During spring 2001 there was much flooding in the Mississippi River Basin in Minnesota. Greater than normal precipitation starting with late fall rains in 2000, greater than normal snowfalls, a delayed snowmelt, and record rains in April, all contributed to the flooding. Parts of the southern one-half of Minnesota had streamflows of magnitudes not seen in more than 30 years. Approximately 50 counties were declared disaster areas with greater than 34 million dollars in total reported flood damage (S. Neudahl, Department of Public Safety, Division of Emergency Management, oral commun. July 9, 2001).
Record flows were recorded at nine U.S. Geological Survey (USGS) continuous-streamflow gaging stations within Minnesota or along the Wisconsin border. In addition, 14 stations recorded their 2nd or 3rd highest peaks of record. These gaging stations are maintained by the USGS as part of a network of gages used by the USGS, U.S. Army Corps of Engineers, National Weather Service, Minnesota Department of Natural Resources, as well as other State and local agencies. Stage and discharge data gathered at these gages are used for flood forecasting, operations of dams and diversions, managing emergency activities during floods, and performing follow-up studies to better understand river flood-flow characteristics. This report summarizes flooding in that part of the Mississippi River Basin that includes stream-gaging stations within the borders of Minnesota and monitoring points along the Minnesota-Wisconsin border.

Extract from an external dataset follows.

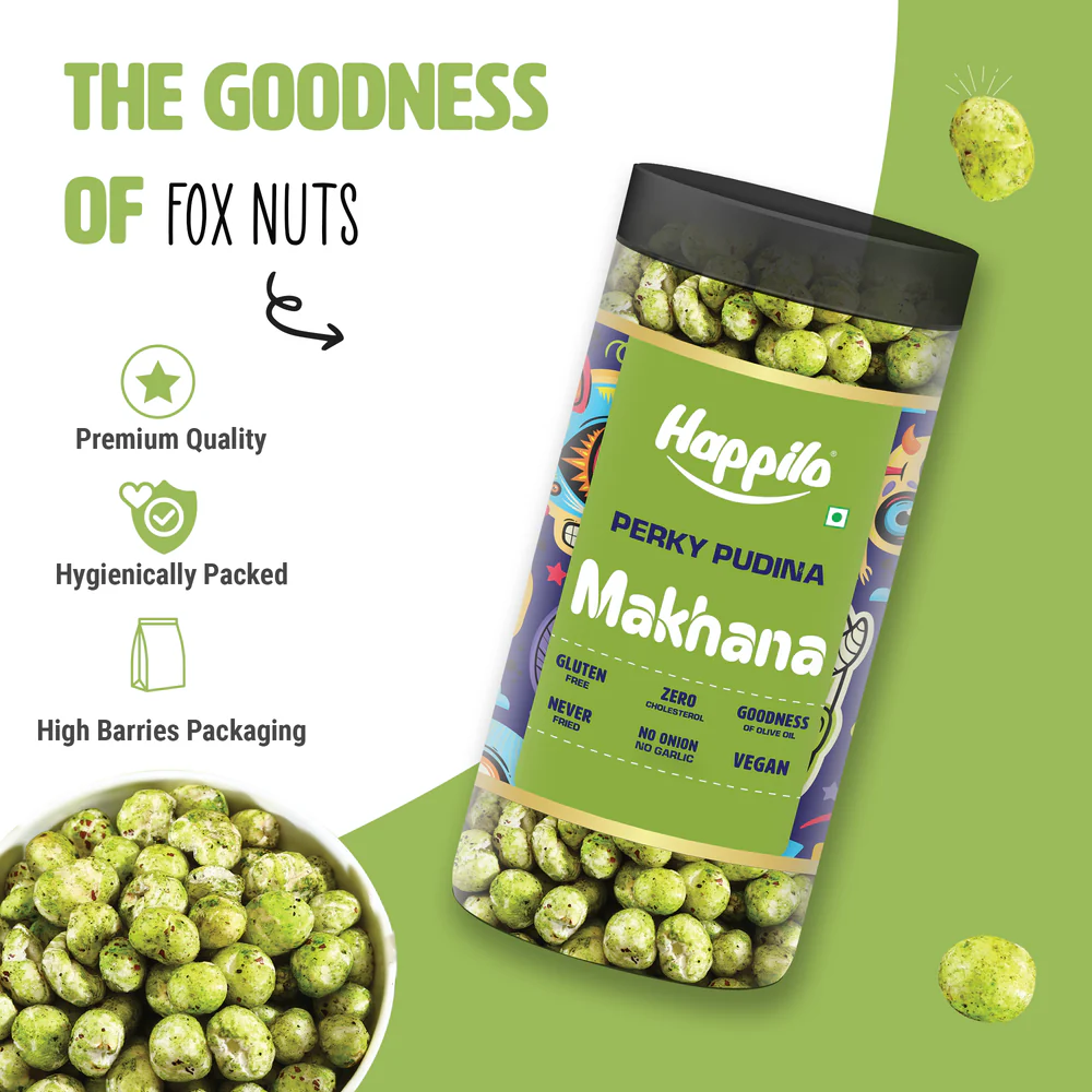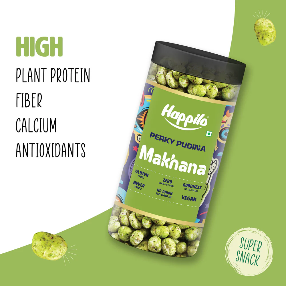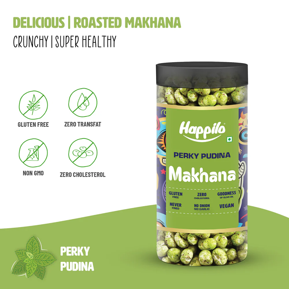Be the first to review “Happilo Makhana Perky Pudina Jar 80g, Roasted Foxnut Healthy Snack Low Calorie Gluten Free and Vegan” Cancel reply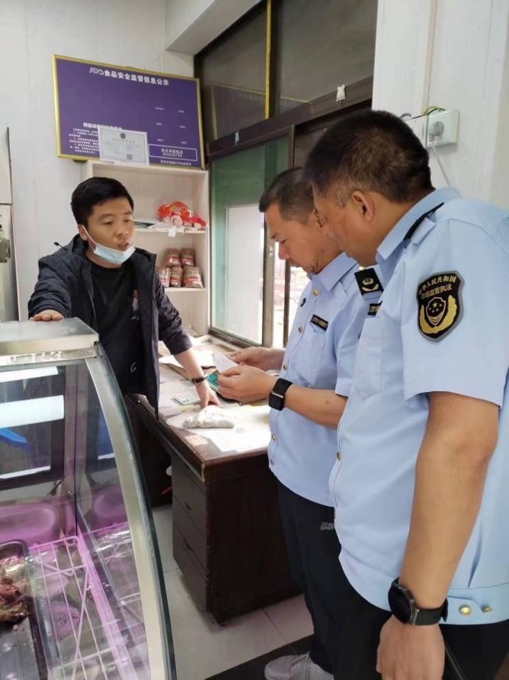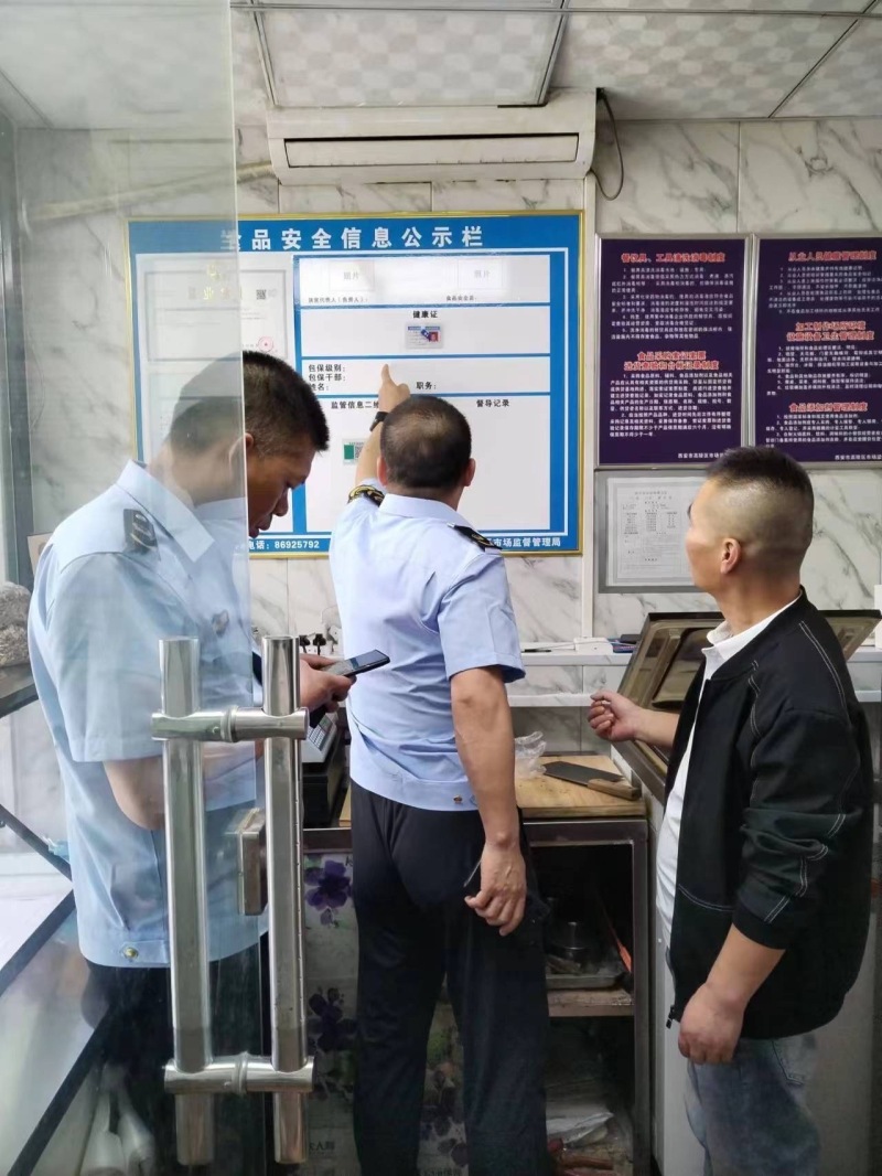 执法人员重点检查经营单位有无销售超过保质期、腐败变质等感官性状异常食品、食品经营许可证及从业人员健康证是否在有效期、操作间卫生是否整洁、进货台账及索证索票是否齐全、食品安全“两个责任”是否落实、是否存在食品安全管理制度不落实等情况。检查发现未建立监管档案、未悬挂两个责任公示牌、公示信息不全、索证索票不全、未张贴反餐饮浪费宣传资料等问题。执法人员现场下达了《食品安全督导检查表》,要求其立即整改,并重点要求销售卤肉制品的经营单位建立完整的台账记录、对销售5斤以上的落实实名登记。

Peak stages and discharges are included in this report for 44 stream-gaging stations (table 1) maintained by the USGS in the Mississippi River Basin. Stage, in feet, is based on an arbitrary scale established when a gaging station is installed. Discharges are instantaneous determinations of peak flow, in cubic feet per second. This peak flow information is ranked with the five greatest discharges of record for each station. In addition, flood-recurrence intervals are included for stations with at least 20 years of record, and/or with little influence on peak flows by regulation. Flood-recurrence intervals are expressed in years and are the probability of a flood of this magnitude occurring. A 25-year event can be expected to occur, on average, once every 25 years. This probability is independent of individual events, so two '25-year' floods can occur in successive years. It is also possible for the probability value assigned to a flood (for example, greater than 25-year event) to change over time. As peak flows are included from subsequent years, flood frequencies previously determined can change depending on the magnitude of these additional flows. This is a primary reason why flood frequencies are not included in this report for stations with less than 20 years of record. Even with 20 or more years of record, significant changes to previously established flood frequencies are possible.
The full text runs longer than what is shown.